By Huanfeng Shen ; Xiangchao Meng , and Liangpei Zhang, at IEEE Transactions on Geoscience and Remote Sensing

Abstract:

Remote sensing satellite sensors feature a tradeoff between the spatial, temporal, and spectral resolutions. In this paper, we propose an integrated framework for the spatio-temporal-spectral fusion of remote sensing images. There are two main advantages of the proposed integrated fusion framework: it can accomplish different kinds of fusion tasks, such as multiview spatial fusion, spatio-spectral fusion, and spatio-temporal fusion, based on a single unified model, and it can achieve the integrated fusion of multisource observations to obtain high spatio-temporal-spectral resolution images, without limitations on the number of remote sensing sensors. The proposed integrated fusion framework was comprehensively tested and verified in a variety of image fusion experiments. In the experiments, a number of different remote sensing satellites were utilized, including IKONOS, the Enhanced Thematic Mapper Plus (ETM+), the Moderate Resolution Imaging Spectroradiometer (MODIS), the Hyperspectral Digital Imagery Collection Experiment (HYDICE), and Systeme Pour l’ Observation de la Terre-5 (SPOT-5). The experimental results confirm the effectiveness of the proposed method.

Operation principle of the technique. Multiple images with different resolutions are combined to obtain a high-resolution multidimensional reconstruction of the data. Extracted from Fig.1 of the manuscript.
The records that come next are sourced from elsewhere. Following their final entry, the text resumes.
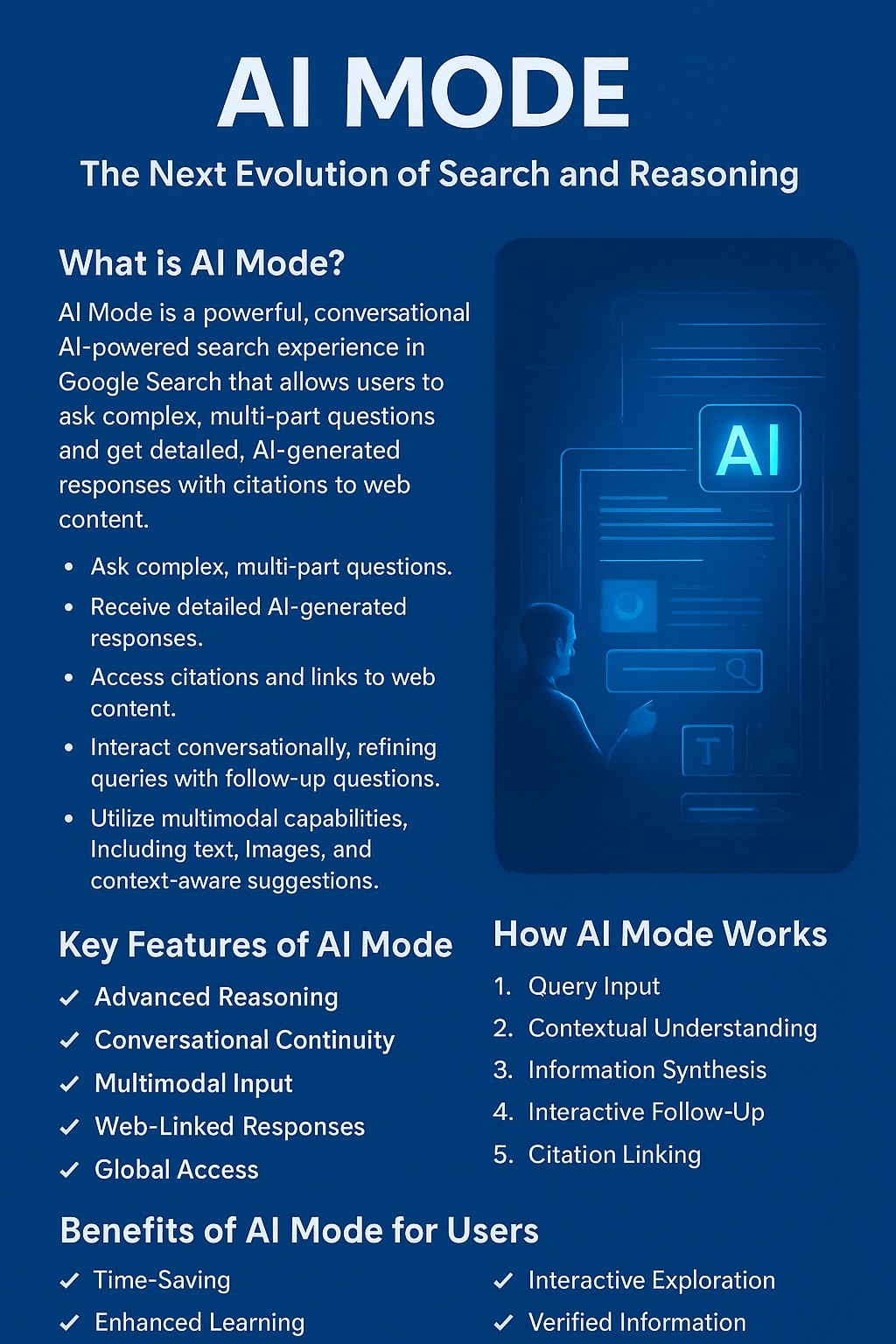 AI Mode is a significant leap forward in AI-driven search, offering multimodal, reasoning-focused, and conversational capabilities that empower users to access knowledge faster, more accurately, and interactively. As AI becomes integral to everyday search, AI Mode sets the standard for the next era of intelligent information discovery.
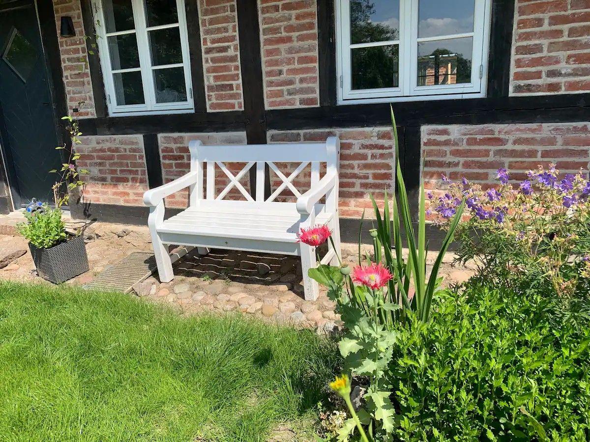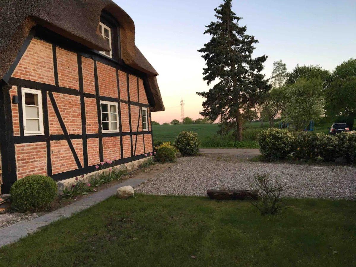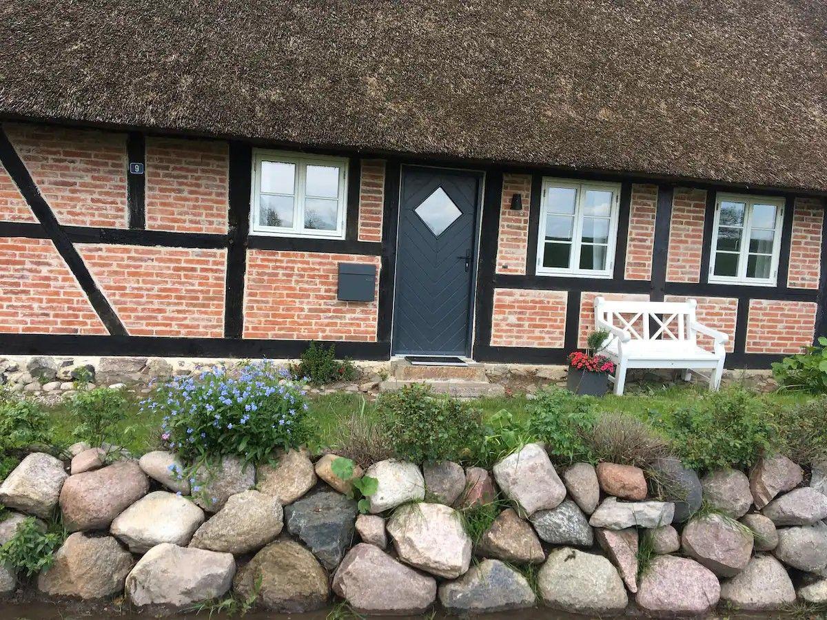 Reetgedecktes Fachwerkhaus von 1840, liebevoll saniert, 100 qm, 430 qm Grundstück, bis 6 Personen. Offener Wohn-Küchenbereich mit Kamin, hohe Decken, moderne Ausstattung, sichtbare Balken. Fußbodenheizung, Dielenparkett in Schlafzimmern. Helles Bad mit großer bodengleicher Dusche. Obergeschoss mit offenem Wohn-Schlafbereich, dänische Holzfenster. Streaming-TV, Haustiere erlaubt. In Holsteinischen Schweiz.
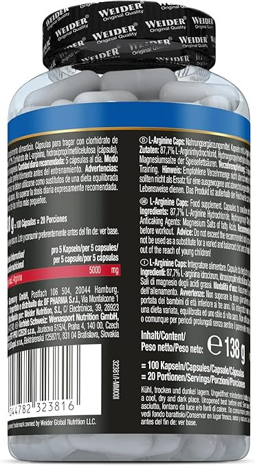 کپسولهای ال-آرژنین ویدر ما در هر وعده ۵۰۰۰ میلیگرم از این اسید آمینه مهم را با کیفیت عالی ارائه میدهند.
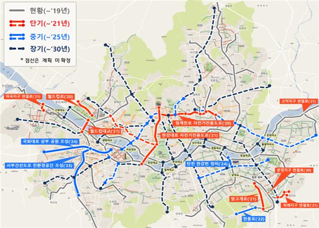 공사가 완료되면 도심과 한강을 중심으로 서울을 남-북(광화문~한강대로~한강대교~여의도)과 동-서(청계천~성북천·정릉천·중랑천·한강)로 연결하는 자전거 간선망이 완성된다.
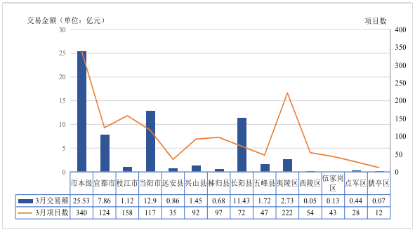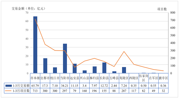 (宜昌市1-3月各县市区公共资源进场交易情况)
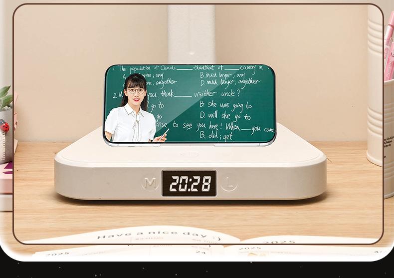 Lámpara de Escritorio Multifuncional para Dormitorio de Estudiantes, Aprendizaje y Lectura, Recargable, con Pantalla de Reloj, Recargable y Conectable, con Portalápices
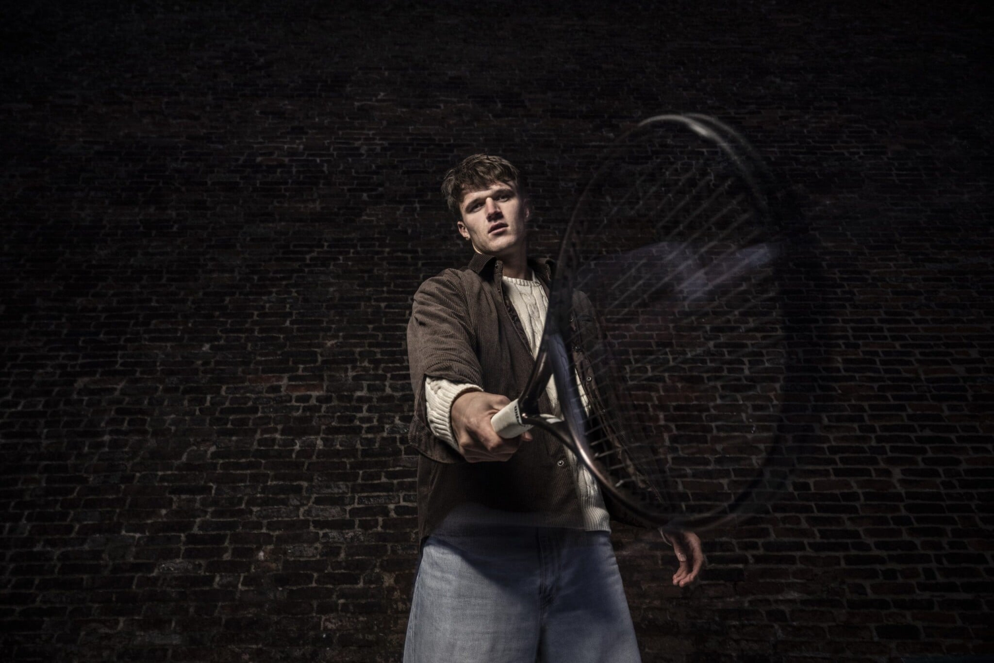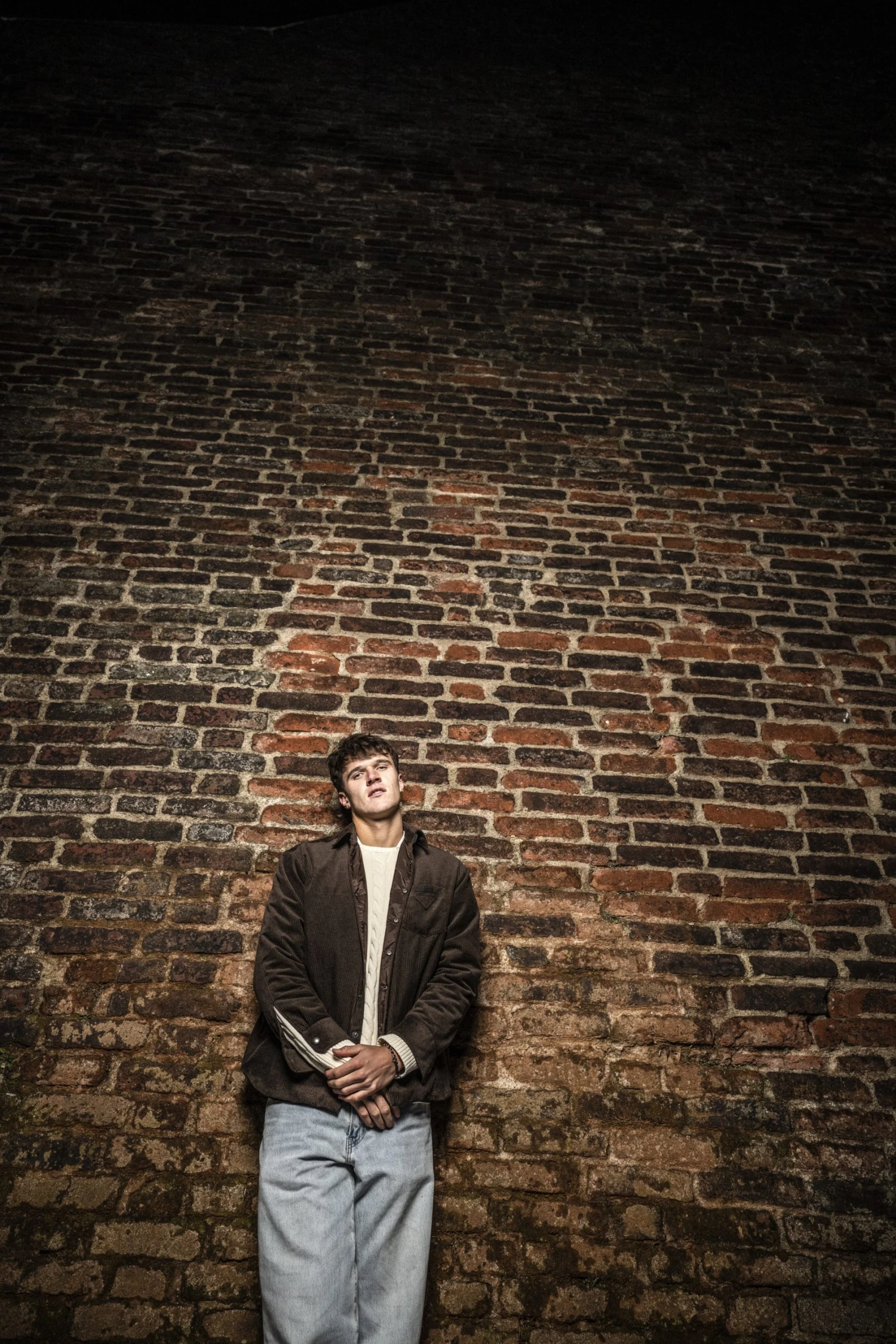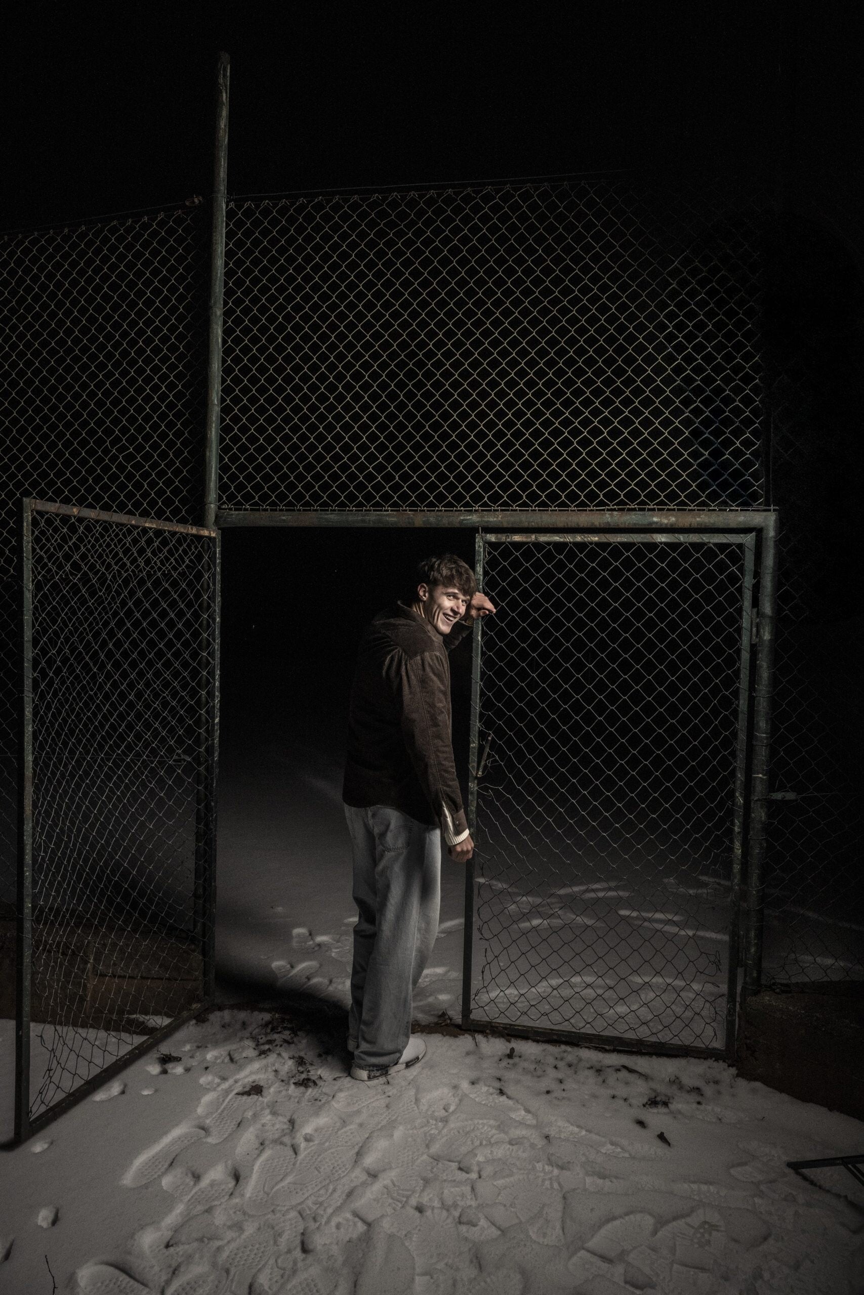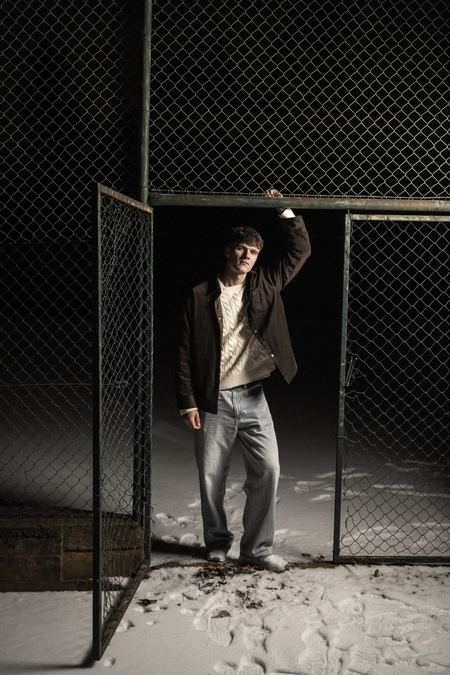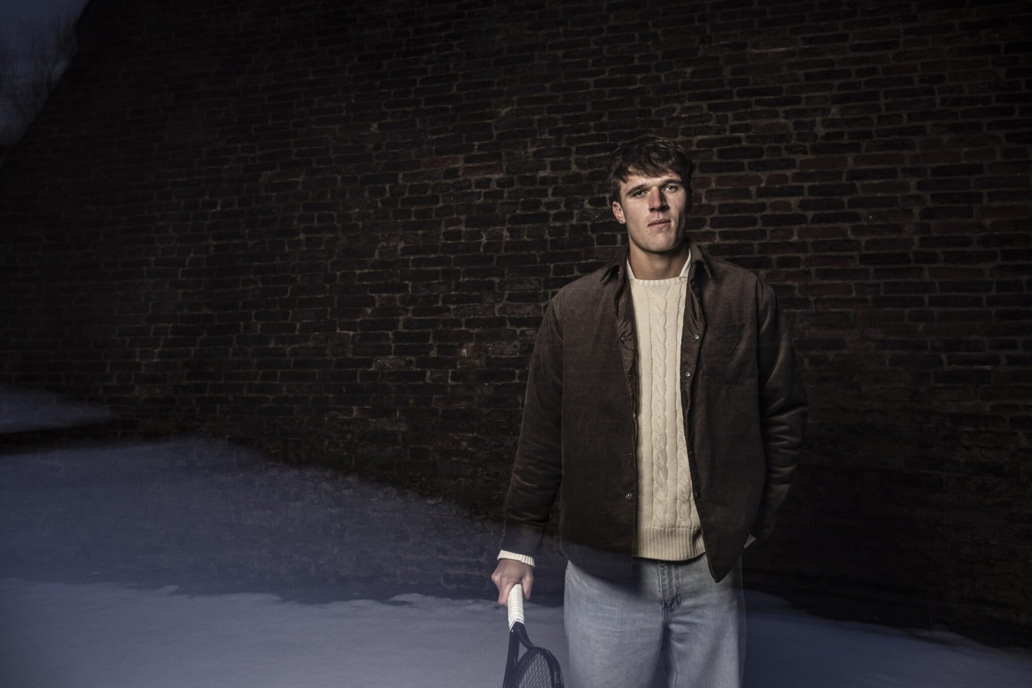 Působí vyrovnaně a sebevědomě. Ne hlasitě nebo nabubřele. Když stojí před objektivem foťáku, je soustředěný, skoro jako by stál na kurtu. On na něm tedy stojí, jen ve sněhu, v oversize džínách, hnědé bundičce a pleteném bílém svetru. Skoro byste si ho mohli představit na tribuně Wimbledonu.

As sensors evolve, the amount of information we can gather grows at an alarming rate: we have gone from just hundreds or thousands of pixels to millions in just a few decades. Also, now we gather hundreds of spectral channels at hundreds or thousands of frames per second. This implies that we usually suffer from bottlenecks in the acquisition and storage of multidimensional datasets. Using approaches like this, one can make it possible to obtain very good object estimations while measuring very little data in a fast way, which is always a must.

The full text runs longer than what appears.